In 1981, Larrondo and Manley reported a electrospinning of polymer melt for the first time, and they designed a melt electrospinning device in which the melt is extruded via a piston and the collection distance for the electrospun fiber is 3 cm. When electrospinning PP by this device, fibers with a diameter of about 50 μm can be prepared successfully.
Naoki SHIMADA, et al. from Japan prepares a row of fibers by heating a membrane to a very low viscosity via a customized line laser light source, thus the output of fibers is increased based on the original point light source, but the cost is still very high, and the output is low, thereby it is difficult to realize batch production.
Michal KOMAREK and Lenka MARTINOVA from Czech Republic University, Czech Republic proposed a slit-type spinning device, but such a spinning device cannot well solve the uniform distribution of melt at the slit, and the number of threads is not enough for industrialized application.
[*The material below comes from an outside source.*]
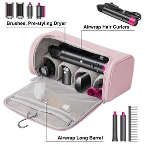 Características do produto: 1. Serve perfeitamente para Dyson Airwrap Styler/Dyson Supersonic e seus acessórios. 2. Cinco compartimentos independentes armazenam Airwrap Styler, tambores de airwrap, escovas, secador de cabelo e outros acessórios, o que pode evitar o atrito entre dispositivos. 3. O material externo de poliuretano é à prova d'água e resistente ao desgaste, e o acolchoamento interno de esponja espessa tem boa proteção. 4. Um bolso de rede elástico é especialmente projetado dentro para armazenar pequenos itens como grampos de cabelo, faixas de cabelo e óleos essenciais para cuidados com o cabelo. 5. O design do gancho pode economizar espaço na bancada e evitar que o modelador fique molhado. Especificações: Quantidade: 1 pacote. Dimensões: 16,5 x 31,5 x 14 cm Peso: 340 g (sem embalagem) Material: PU Cor: como mostrado - Ajuste perfeito: este organizador de viagem é projetado para Dyson Airwrap Styler, com um bolso principal para Airwrap Styler e quatro compartimentos para barris, escovas, secador de cabelo e outros acessórios. Também compatível com Dyson Supersonic e seus acessórios - Proteção total: nossa capa Dyson Airwrap usa couro PU de alta qualidade como material externo, que é à prova d'água e durável, para que você não precise se preocupar com manchas de água e umidade danificando o modelador de cabelo. O interior usa uma almofada de esponja espessa, que é macia e elástica para evitar que a superfície do modelador seja arranhada, oferecendo proteção confiável para o seu equipamento - Mantenha-se organizado: o suporte de airwrap da Dyson tem um bolso interno de malha elástica especialmente projetado para segurar o cano longo do Airwrap, que também pode acomodar facilmente vários acessórios pequenos, como grampos de cabelo, faixas de cabelo e óleos essenciais de cuidados com o cabelo para evitar que eles rolem e colidam na bolsa e evitar derramamentos. Você pode dizer adeus ao trabalho de procurar itens pequenos em todos os lugares e fazer o armazenamento em boa ordem - Design de gancho pendurado: nossa bolsa de viagem para ferramentas de cabelo está equipada com um gancho de metal resistente e antiderrapante. Basta pendurar o gancho no gancho de parede ou prateleira para pendurar a bolsa de armazenamento verticalmente. Isso pode economizar espaço quando muitos itens não podem ser colocados na bancada - Fácil de transportar: as dimensões externas da capa do secador de cabelo são 16,5 x 31,5 x 14 cm. É equipado com uma alça de mão atenciosa, durável e confortável de segurar. Se você colocá-lo em uma mala ou carregá-lo com você, é livre de desconforto e realmente se torna seu parceiro íntimo e elegante durante a viagem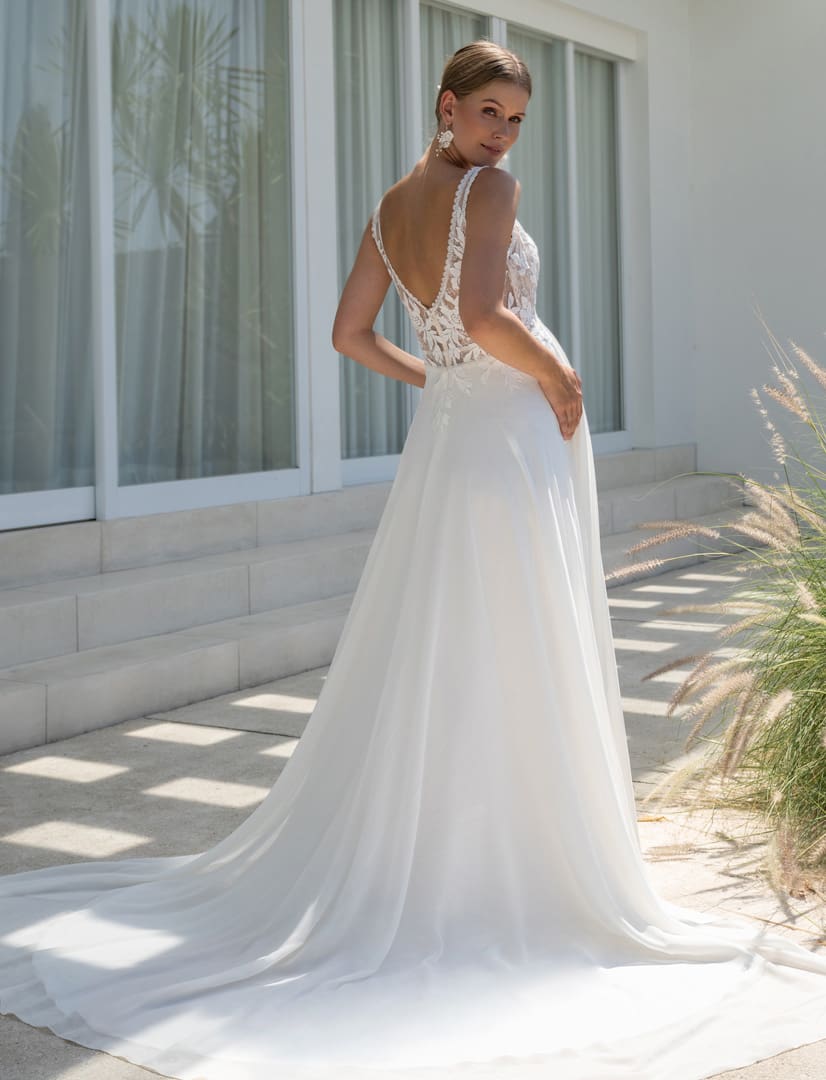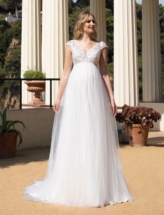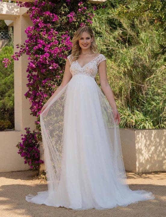 Romantisches Umstandsbrautkleid mit abnehmbaren Flatterärmeln. Der leicht fliessende Chiffonrock hat einen Schleppe. Das Oberteil ist mit Blumen bestickt. Das Off-Shoulder Umstandsbrautkleid zaubert einen Hauch von Romantik. Der Rücken hat einen tiefen V-Ausschntt.

US Patent US20090121379A1 proposed electrically-assisted melt blowing and hot air-assisted electrospinning, wherein the high-speed stretching effect of hot air and the unstable refining effect of electric field force are combined, and the jet flow speed of the single thread is increased under the action of hot air blowing, and the fiber fineness is made to reach about 200 nm under the action of the electric field force; however, the nozzle used in this patent is a single nozzle for single jet generation and its improvement, and the embodiments are only directed to solution spinning, moreover, only methods are put forward for melt spinning, which is limitative for industrialized application.
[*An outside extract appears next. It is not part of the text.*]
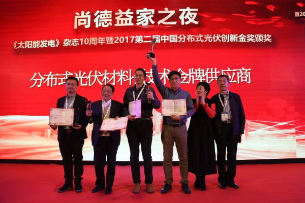 在“尚德益家之夜•《太陽(yáng)能發(fā)電》雜志十周年暨2017第二屆全國(guó)分布式光伏創(chuàng)新金獎(jiǎng)?lì)C獎(jiǎng)晚宴”上,煙臺(tái)鼎城新能源光伏有限公司選送的“高平整度一體化太陽(yáng)能發(fā)電整體屋頂”、杭州福膜新材料科技股份有限公司選送的“SOLVAN PV1010系列PVDF膜”、浙江凌志新材料有限公司選送的“有機(jī)硅在光伏領(lǐng)域的應(yīng)用”、史陶比爾(杭州)精密機(jī)械電子有限公司選送的“MC4光伏連接器”榮獲2017年度全國(guó)分布式光伏材料/技術(shù)金牌供應(yīng)商獎(jiǎng)。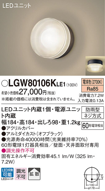 Panasonic LED ¥¨¥¯¥¹¥Æ¥ê¥¢¡¦¥¢¥¦¥È¥É¥¢ LGW80106KLE1

Yao Yongyi et al., from Sichuan University mentions an air flow-electrospinning machine in document “Electrospinning Method And Air Flow-Electrospinning Method For Preparing Polysulfone Nanofibers”, wherein, an air passage system is wrapped outside an ordinary single-needle nozzle, and the jet flow is stretched by a resultant force of the electrostatic force and the friction force between the air flow and the polymer jet flow, thereby the fibers spun are refined, however, the structure of the nozzle is complex, which is adverse to industrialized application, and moreover, a set of air supply device needs to be added additionally, thus the cost will be added, and the energy consumption will be large.
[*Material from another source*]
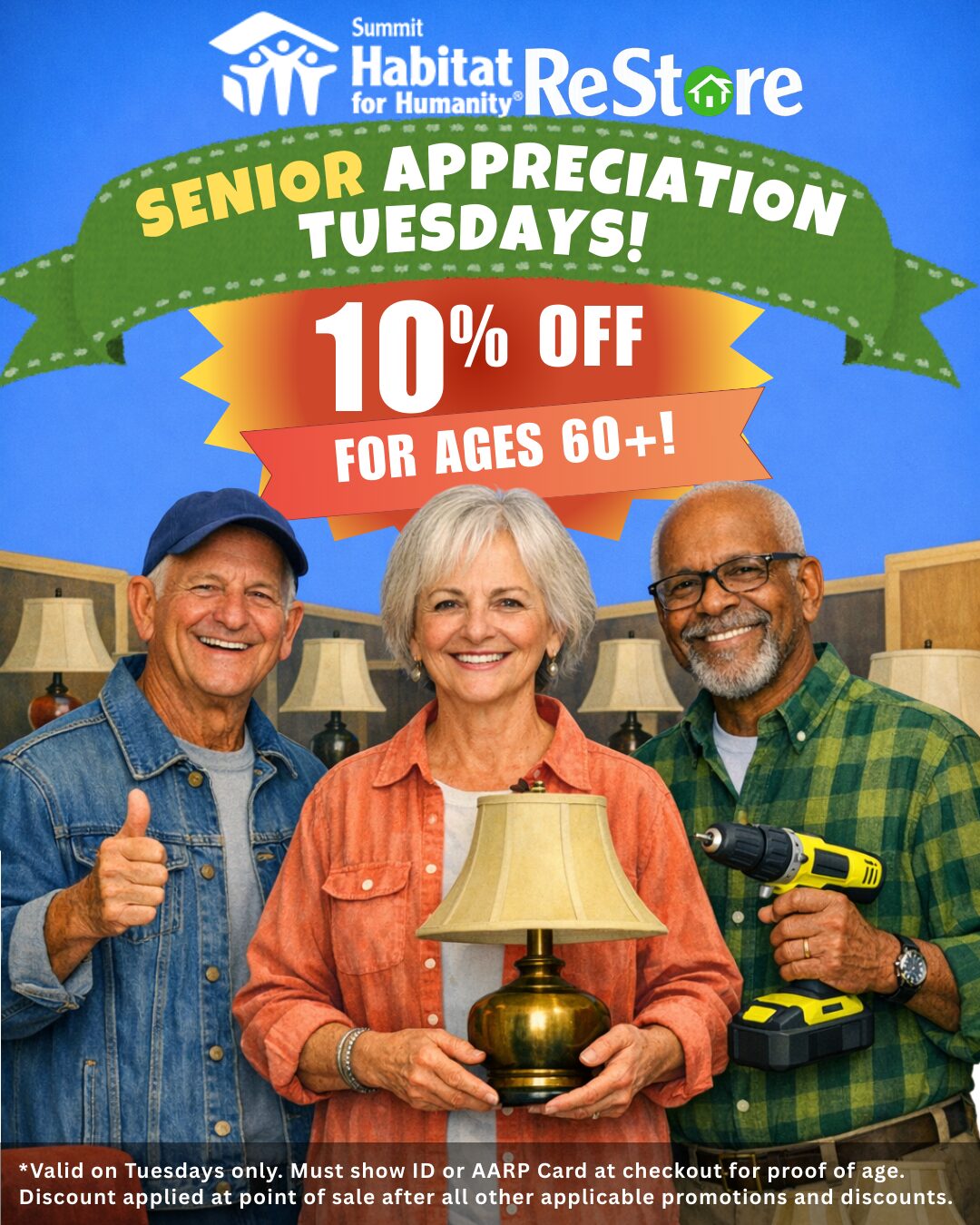 We occasionally have sales and discounted offers on items we sell in the ReStore, especially if we receive an excess of a specific type of item. To stay informed, please subscribe to our email list! Subscribe to Summit ReStore Email List!

Xia Lingtao et al. from Beijing University of Chemical Technology mentions the modification of polypropylene by a super-branched polymer in document “Application Of Super-Branched Polymer In Melt Electrospinning”, thereby the viscosity of polypropylene melt may be lowered, and the fiber spun will be finer.
At present, the key problem to be solved for melt electrospinning is how to further decrease the micrometer-level fiber diameter to hundred nanometer-level (submicrometer-level) fiber diameter and how to further increase the production efficiency of melt electrospinning for industrialization.
Therefore, the diameter of fibers produced by the existing melt electrospinning device is large, and it is difficult for industrialized application.